#### PROBLEM REQUIREMENTS:
Look through the data below for the line with "2.「玩具人 TOY PEOPLE NEWS Facebook 粉絲團」上側。" and the line with "영원한 광채 리제: 1girl, 빨간", then transcribe exactly from the first through the second, leaving out all pictures.

[Data records]
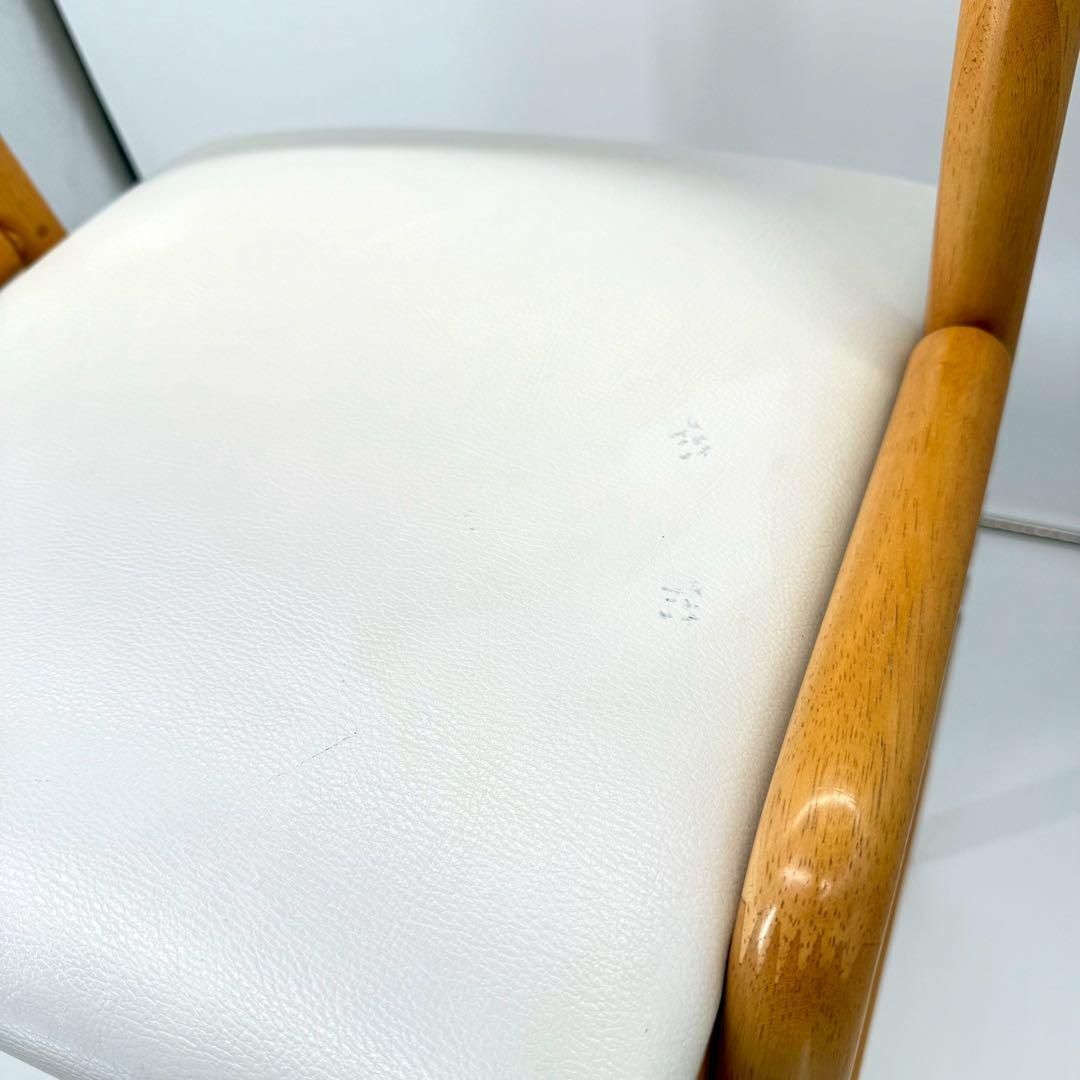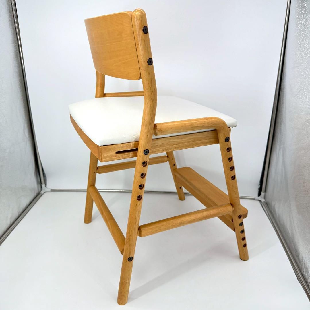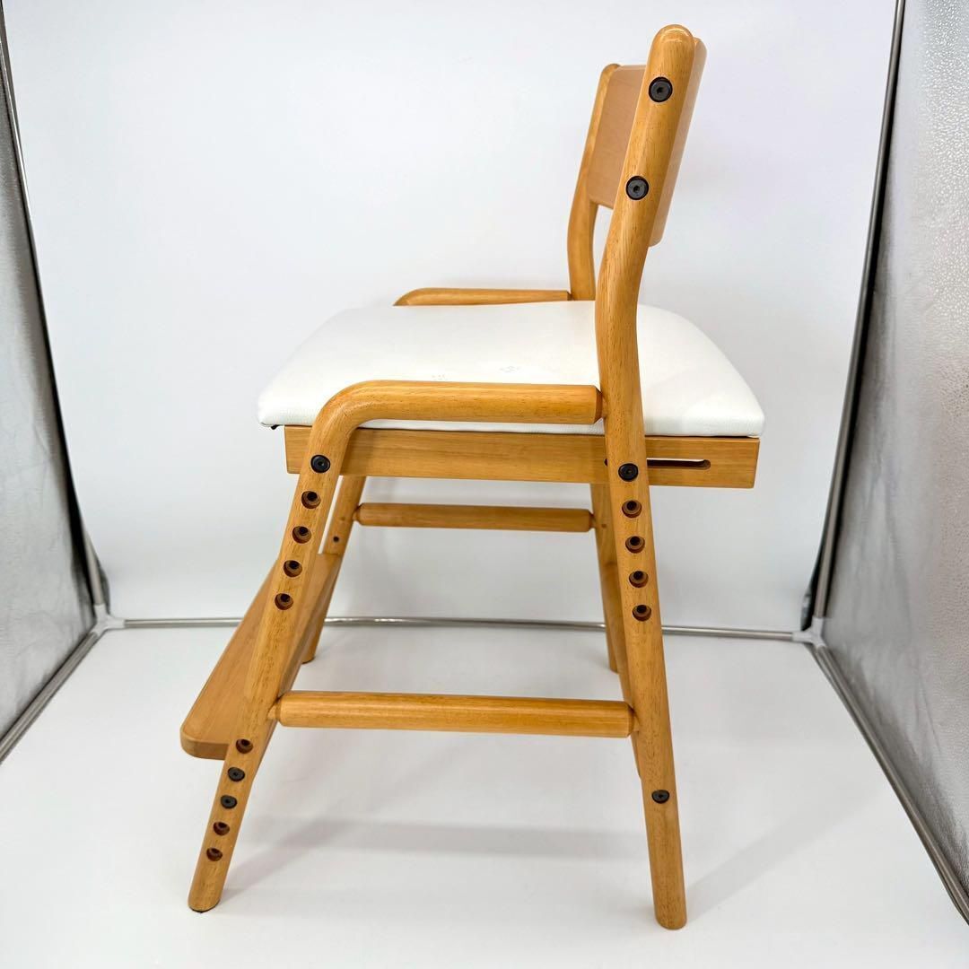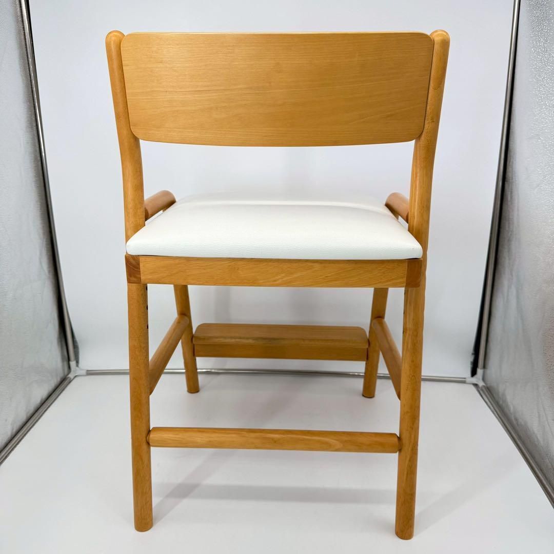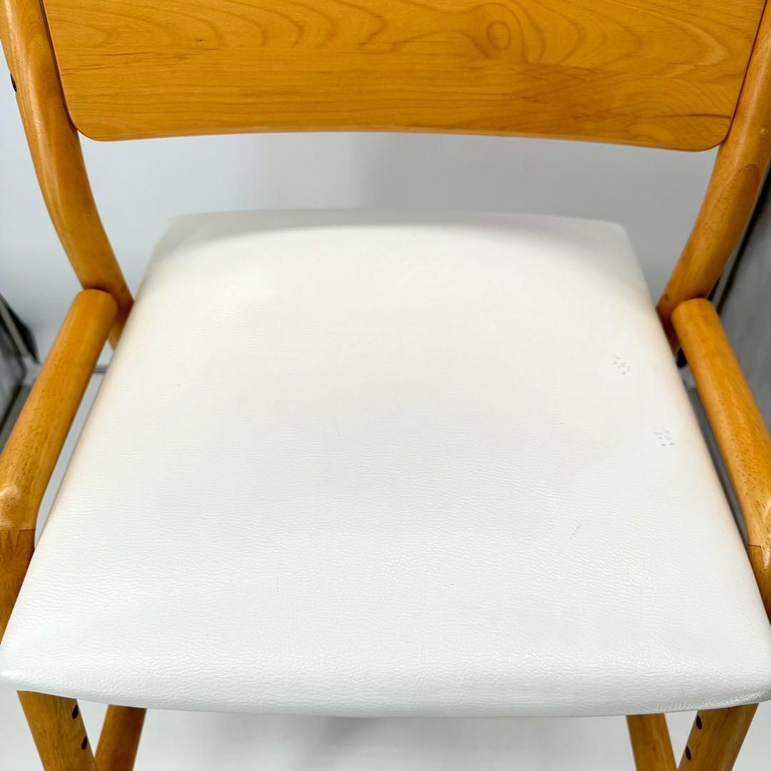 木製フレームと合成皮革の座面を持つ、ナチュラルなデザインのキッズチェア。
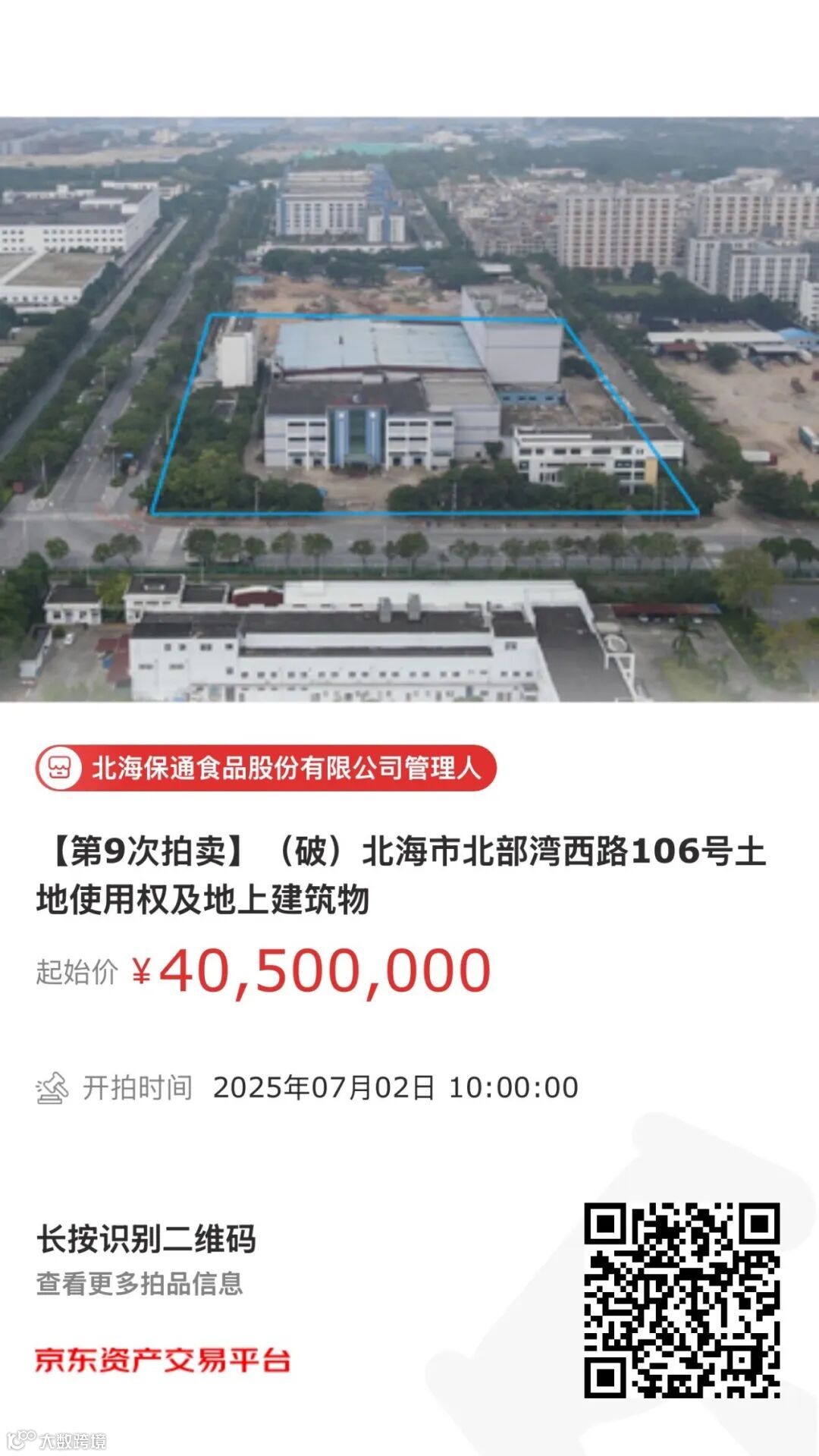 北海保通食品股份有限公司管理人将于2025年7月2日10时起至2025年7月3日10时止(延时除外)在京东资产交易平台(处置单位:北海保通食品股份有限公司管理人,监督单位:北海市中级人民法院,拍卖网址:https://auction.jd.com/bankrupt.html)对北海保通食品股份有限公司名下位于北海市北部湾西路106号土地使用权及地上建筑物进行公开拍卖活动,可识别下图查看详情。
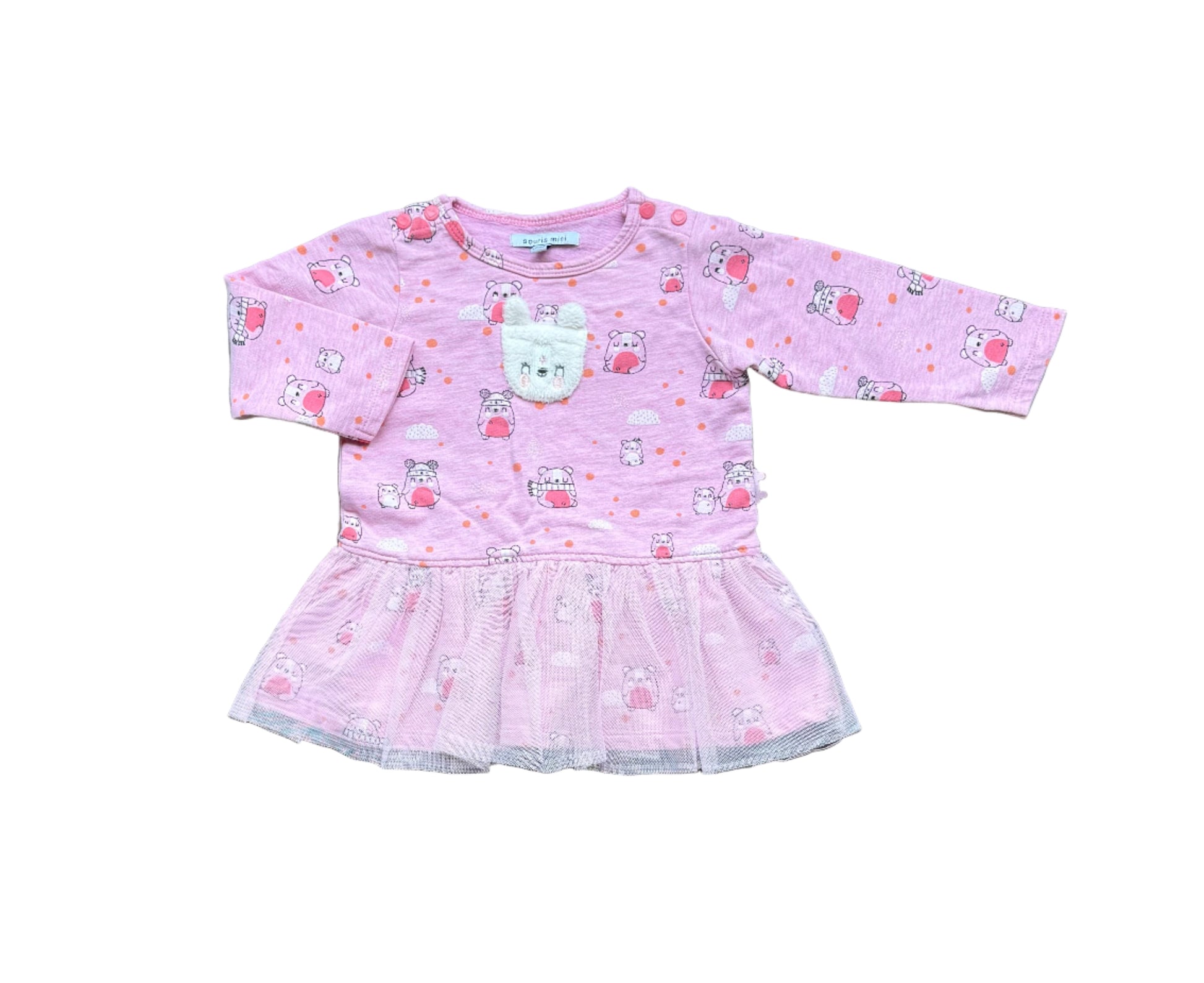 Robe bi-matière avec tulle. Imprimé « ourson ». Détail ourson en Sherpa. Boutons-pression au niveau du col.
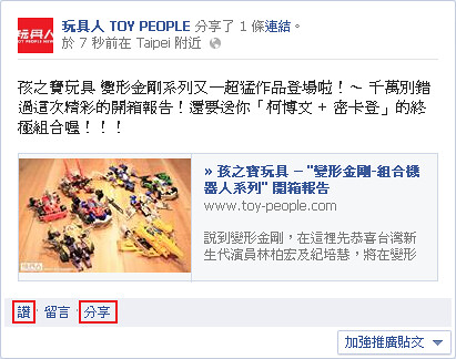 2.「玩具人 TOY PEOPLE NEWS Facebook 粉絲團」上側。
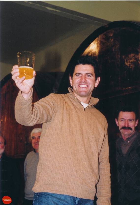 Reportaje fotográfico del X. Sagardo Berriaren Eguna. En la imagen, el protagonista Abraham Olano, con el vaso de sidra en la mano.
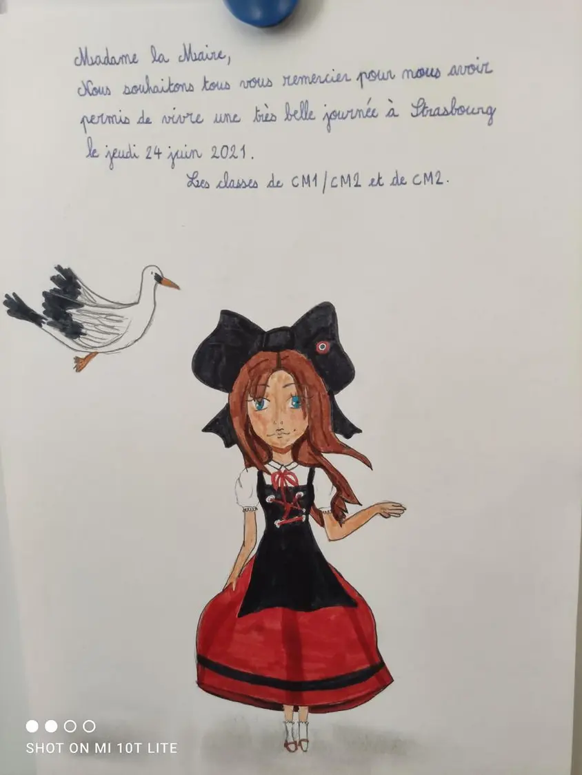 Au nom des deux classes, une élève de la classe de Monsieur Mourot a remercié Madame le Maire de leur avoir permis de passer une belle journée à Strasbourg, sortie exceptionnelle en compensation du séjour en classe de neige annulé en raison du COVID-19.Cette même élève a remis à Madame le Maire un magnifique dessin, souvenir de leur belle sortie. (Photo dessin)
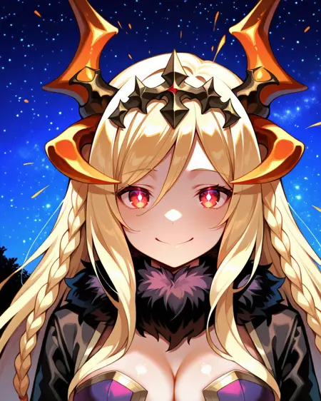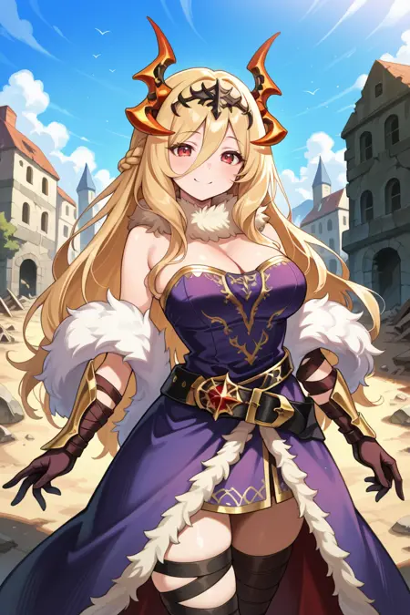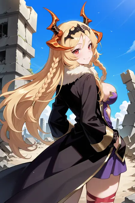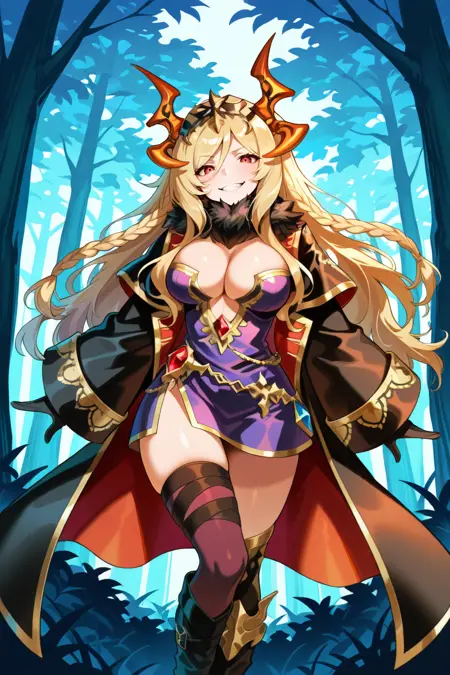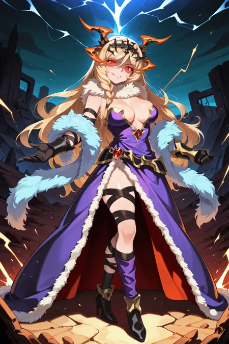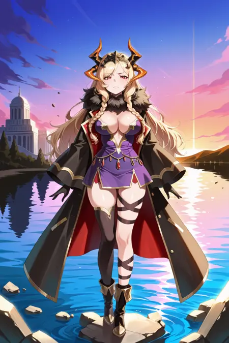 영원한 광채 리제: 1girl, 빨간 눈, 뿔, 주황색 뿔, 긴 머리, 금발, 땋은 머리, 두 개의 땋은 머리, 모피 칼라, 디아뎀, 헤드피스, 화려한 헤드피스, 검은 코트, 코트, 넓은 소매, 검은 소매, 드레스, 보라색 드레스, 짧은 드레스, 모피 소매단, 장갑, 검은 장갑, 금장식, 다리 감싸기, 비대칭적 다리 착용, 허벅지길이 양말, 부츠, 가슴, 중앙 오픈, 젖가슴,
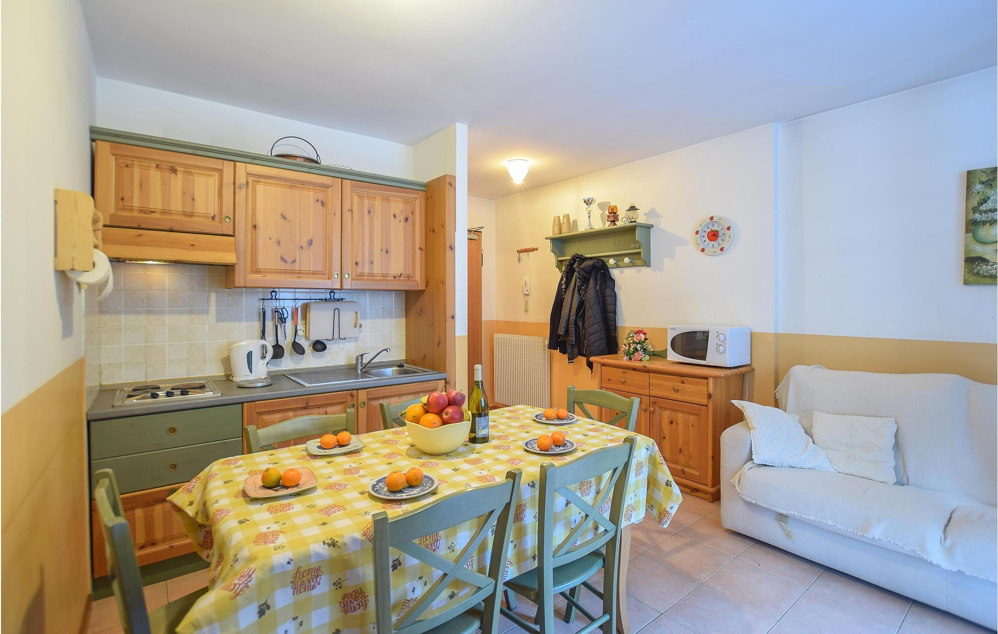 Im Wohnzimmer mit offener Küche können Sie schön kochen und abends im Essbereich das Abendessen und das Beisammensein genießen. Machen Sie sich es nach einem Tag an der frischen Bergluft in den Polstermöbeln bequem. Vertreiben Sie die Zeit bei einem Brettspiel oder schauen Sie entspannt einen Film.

#### FINISHED EXERCISE:
 2.「玩具人 TOY PEOPLE NEWS Facebook 粉絲團」上側。
 Reportaje fotográfico del X. Sagardo Berriaren Eguna. En la imagen, el protagonista Abraham Olano, con el vaso de sidra en la mano.
 Au nom des deux classes, une élève de la classe de Monsieur Mourot a remercié Madame le Maire de leur avoir permis de passer une belle journée à Strasbourg, sortie exceptionnelle en compensation du séjour en classe de neige annulé en raison du COVID-19.Cette même élève a remis à Madame le Maire un magnifique dessin, souvenir de leur belle sortie. (Photo dessin)
 영원한 광채 리제: 1girl, 빨간 눈, 뿔, 주황색 뿔, 긴 머리, 금발, 땋은 머리, 두 개의 땋은 머리, 모피 칼라, 디아뎀, 헤드피스, 화려한 헤드피스, 검은 코트, 코트, 넓은 소매, 검은 소매, 드레스, 보라색 드레스, 짧은 드레스, 모피 소매단, 장갑, 검은 장갑, 금장식, 다리 감싸기, 비대칭적 다리 착용, 허벅지길이 양말, 부츠, 가슴, 중앙 오픈, 젖가슴,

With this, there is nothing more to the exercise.